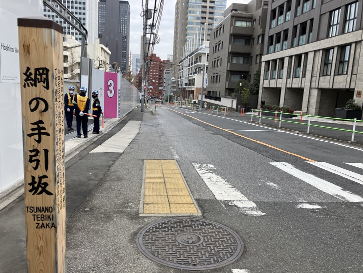 綱坂は長さが約150mほどのかなり急な坂で、別名を「渡辺坂・馬場坂」といいます。坂名は、渡辺綱が付近に生まれたという伝説に因んでいます。坂上と坂下付近に案内柱が立っています。
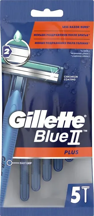 Бритва Gillette BlueII Plus оснащена двумя лезвиями с хромовым покрытием, которые долго остаются острыми. Смазывающая полоска обеспечивает мягкое скольжение бритвы. Удобная ручка бритвы позволяет контролировать каждое движение.
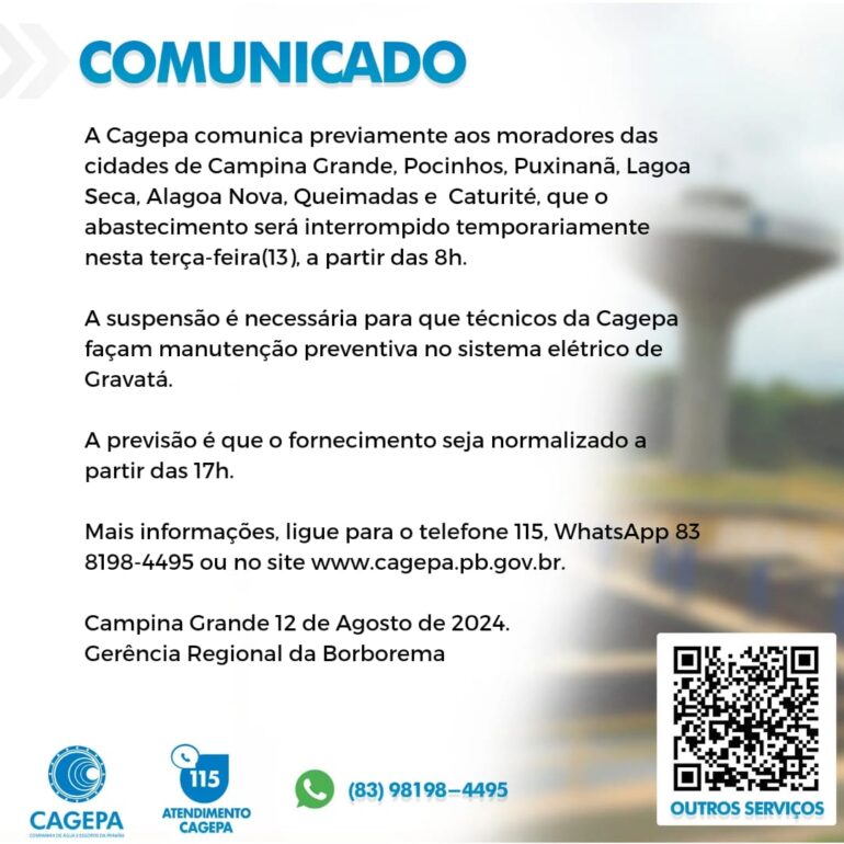 A Companhia de Água e Esgotos da Paraíba (Cagepa) anunciou que terá que interromper, temporariamente, o abastecimento de água em alguns bairros de Campina Grande e também nas cidades de Puxinanã, Pocinhos, Lagoa Seca, Alagoa Nova, Queimadas e Caturité. O fornecimento será interrompido a partir das 8h desta sexta-feira (09) e deverá ser retomado a partir das 17h.

WHAT THE EXERCISE ASKS: Please transcribe the whole listing above exactly, with the images left out.

EXPECTED ANSWER:
 綱坂は長さが約150mほどのかなり急な坂で、別名を「渡辺坂・馬場坂」といいます。坂名は、渡辺綱が付近に生まれたという伝説に因んでいます。坂上と坂下付近に案内柱が立っています。
 Бритва Gillette BlueII Plus оснащена двумя лезвиями с хромовым покрытием, которые долго остаются острыми. Смазывающая полоска обеспечивает мягкое скольжение бритвы. Удобная ручка бритвы позволяет контролировать каждое движение.
 A Companhia de Água e Esgotos da Paraíba (Cagepa) anunciou que terá que interromper, temporariamente, o abastecimento de água em alguns bairros de Campina Grande e também nas cidades de Puxinanã, Pocinhos, Lagoa Seca, Alagoa Nova, Queimadas e Caturité. O fornecimento será interrompido a partir das 8h desta sexta-feira (09) e deverá ser retomado a partir das 17h.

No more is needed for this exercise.